L'entreprise prend donc un crédit. Ce crédit doit lui permettre de réaliser l'investissement souhaité. Comment est rendue possible cette intermédiation? En réalité, la banque va d'une part collecter des ressources auprès de clients qui sont excédentaires, qui ont donc une capacité de financement et, d'autre part, accorder des prêts (on parle d'octroi de prêts) à des agents économiques qui sont eux déficitaires, qui ont donc un besoin de financement. La banque est donc à la fois débiteur et créancier.

D'après Gurley et Shaw, l'intermédiation implique en fait la création de deux dettes distinctes :

  • la dette primaire : c'est la dette de la banque à l'égard des épargnants, à l'égard des agents qui ont donc apporté des ressources
  • la dette secondaire : c'est la dette des emprunteurs à l'égard de la banque

La banque, lorsqu'elle réalise un prêt, va pour cela créer de la monnaie nouvelle : on parle dans ce cas d'une inscription en compte courant. Il s'agit donc là d'un financement monétaire. On le différencie du financement dit "non monétaire", qui lui est lié à des ressources préexistantes. Le financement non monétaire est avant tout caractéristique des marchés financiers. Les institutions financières non bancaires (quelques exemples : Sofinco, Cetelem, Crédit foncier…) ne vont, elles, pas créer la monnaie prêtée, mais vont en fait elles-mêmes emprunter pour pouvoir réaliser le prêt.

Pourquoi l'intermédiation bancaire ?

Qu'est-ce qui fait que les entreprises privilégient parfois la voie de l'intermédiation bancaire à celle des marchés de capitaux? Il est tout d'abord nécessaire de préciser que la banque offre à ses clients des services qui peuvent se révéler particulièrement utiles. Ainsi, elle met des coffres à disposition de ses clients (protection de l'épargne) ; elle fournit également des informations ; elle peut réaliser des opérations de gestion et de courtage des devises et des titres. La banque offre en définitive un cadre sécurisant aux agents économiques qui la sollicitent.

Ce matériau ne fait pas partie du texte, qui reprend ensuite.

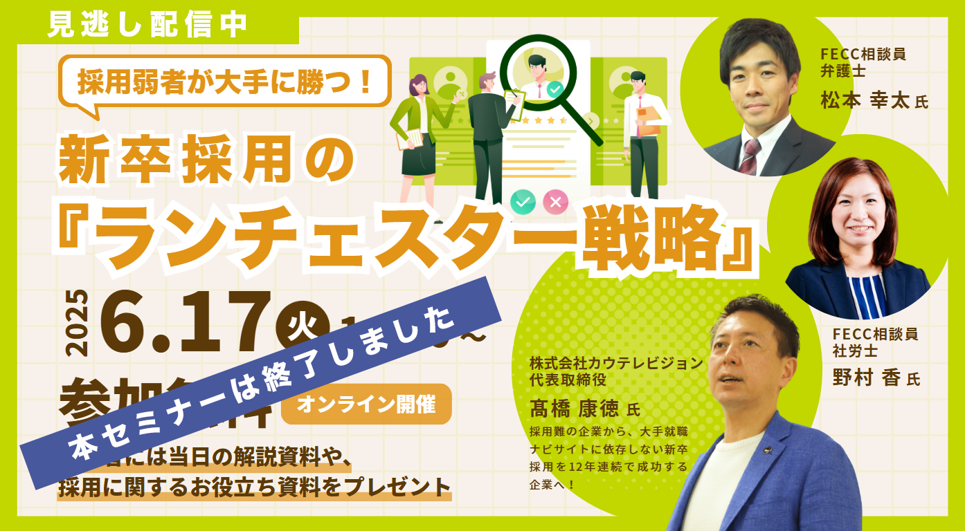 「新卒採用に苦戦している」「さまざまな採用ツールを試しているが効果が出ない」「ようやく採用できた人材が早期に離職してしまう」といった、新卒採用や人材育成に関するお悩みを抱えている企業様は多いのではないでしょうか。労働人口の減少が続くなか、人材の確保と育成はすべての企業に共通する課題となっており、特にスタートアップ企業や中小企業においては、厳しい状況に直面しているケースも見受けられます。本セミナーでは、 中小企業1000社以上の採用/インターン支援実績を持ち、自社でも大手就職ナビサイトに依存せず、12年連続で新卒2〜7名の採用を実現 している株式会社カウテレビジョン 代表取締役 高橋康徳様を講師にお迎えし、今、企業に求められている 「採用ランチェスター戦略」 についてご講演いただきます。また、セミナー後半では、インターンシップ期間中や内定時における留意点など、採用活動においてトラブルを防ぐために知っておきたい労務・法律の基礎知識を、ベンチャー企業やスタートアップ企業への支援実績が豊富な弁護士および社会保険労務士が分かりやすく解説いたします。

D'autre part, la banque résout un problème particulier : celui de la différence de vision entre investisseurs et épargnants. De quoi s'agit-il exactement? En fait, les investisseurs préfèrent en règle générale emprunter sur le long terme (au moins cinq à dix ans) tandis que les épargnants souhaitent eux généralement prêter à plus court terme. Ce phénomène est caractéristique de ce que John Maynard Keynes appelle la préférence pour la liquidité. Nous avons dit que la banque pouvait résoudre ce problème. En effet, la banque va créer de la monnaie pour les prêts à long terme et elle va ensuite se refinancer grâce aux dépôts "courts" des épargnants. Il y a cependant là un risque : si les dépôts diminuent, les entrées et les sorties de monnaie ne vont plus correspondre. On parle d'un risque d'illiquidité. C'est pour cela que la Banque centrale surveille particulièrement les institutions financières qui, comme les banques, ont un pouvoir de transformation.

Enfin, et c'est là le plus important, les banques permettent en quelque sorte de créer un lien logique entre le présent et le futur de l'entreprise. Ce lien se traduit par un mécanisme que nous allons maintenant vous décrire. L'investissement à crédit permet en fait de réaliser une production, laquelle doit déboucher sur des revenus. Ces revenus sont censés permettre la constitution d'une épargne, laquelle va permettre le remboursement du crédit. L'entreprise peut alors à nouveau, si elle le souhaite, investir. On parle habituellement ici de bouclage du circuit par la création monétaire.